Hans Furler (5 June 1904 – 29 June 1975) was a German christian-democrat politician. He was the president of the European Parliament (or, more precisely, precursors of the European Parliament) from 1956 to 1958 and from 1960 to 1962.

Early life

Furler was born in Lahr in the Baden portion of the Black Forest. After graduating from Lahr grammar school, Furler studied law in Freiburg in Breisgau, Berlin and Heidelberg. In 1925 he passed his first state examination and in 1928 he earned his doctorate with a thesis on "The Police's emergency measures and the state's obligation to compensate".

In December 1928, he passed the assessor's examination and first worked as an advocate in Pforzheim. Since 1930 he also lectured in patent law.

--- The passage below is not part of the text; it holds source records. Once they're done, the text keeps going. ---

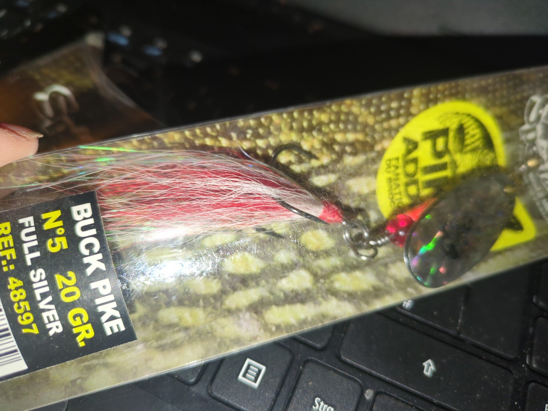 Ausgestattet mit einem Löffel vom Typ "Fingernagel", rotiert der Buck Pike schon bei langsamer Geschwindigkeit ganz hervorragend. Der Bucktail Teaser am Drilling enthält Tinsel Flash Fäden, ein Garant dafür, dass der Buck Pike nicht übersehen wird. Ein durchsichtig rotes Auge dient als Ziel für den Raubfisch. Die Achse wird aus robusten 1,2mm Draht aus Edelstahl gefertigt. Hier in der Größe 5.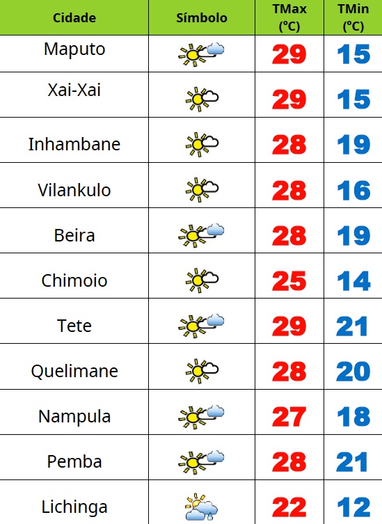 Para as províncias de Tete, Zambézia, Manica e Sofala está previsto céu pouco nublado localmente nublado; Possibilidades de chuviscos locais; Ocorrência de neblinas ou nevoeiros matinais; Vento de sueste a leste fraco a moderado.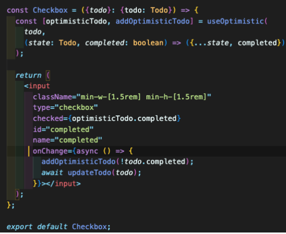 (정확하지않다) 내가 이해한걸로는, (설명을 안해주셨다) todo를 받아서 그걸 기반으로 새로운 객체로 만들고 그걸로 optimisticTodo라는 상태를 만든다.onChange가 일어나면 todo를 바꾸고 있는데, optimisticTodo도 todo를 기반으로 만들어지고 있기 때문에 변하게 된다. 그리고 그걸 사용해서 checked 여부를 보여주고 있으니까 통신의 끝 여부와 상관없이 일단 화면이 업데이트 된다.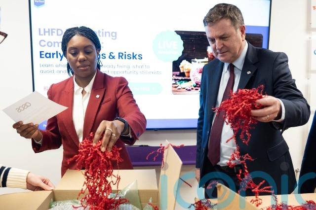 Ms Badenoch was joined by shadow chancellor Mel Stride and shadow housing minister David Simmonds during her visit to marketing compliance agency PromoVeritas on a snowy morning in London.

In 1932, he habilitated at Technical University Karlsruhe. In 1940, the University appointed him extraordinary professor for industrial property and copyright.

From 1945 to 1948, he worked as the lawyer of a paper factory owned by his in-laws. In 1948 he opened a new law firm in Freiburg.

After 1950, he lectured at the Albert-Ludwigs-University in Freiburg.

German politics

In 1952, Furler joined the Christian-Democratic Union and was soon elected chairman of the economic council of the party's Baden branch.

Furler was a member of the Bundestag from 1953 until 1972, representing the constituency of Offenburg. Until 1957, he was vice chairman of the committee for industrial property and copyright, in 1957 he was briefly chairman of the special committee "common market/EURATOM". From 1959 to 1960 he was chairman of the committee of foreign affairs.

European politics

From 1955 to 1973, he also was a member of the precursors to the European Parliament, first of the Common Assembly of the European Coal and Steel Community (1955–1958) and then of the European Parliamentary Assembly of the European Communities (1958–1973). He served as president of these bodies from 1956 to 1958 and from 1960 to 1962 and as vice president from 1962 to 1973.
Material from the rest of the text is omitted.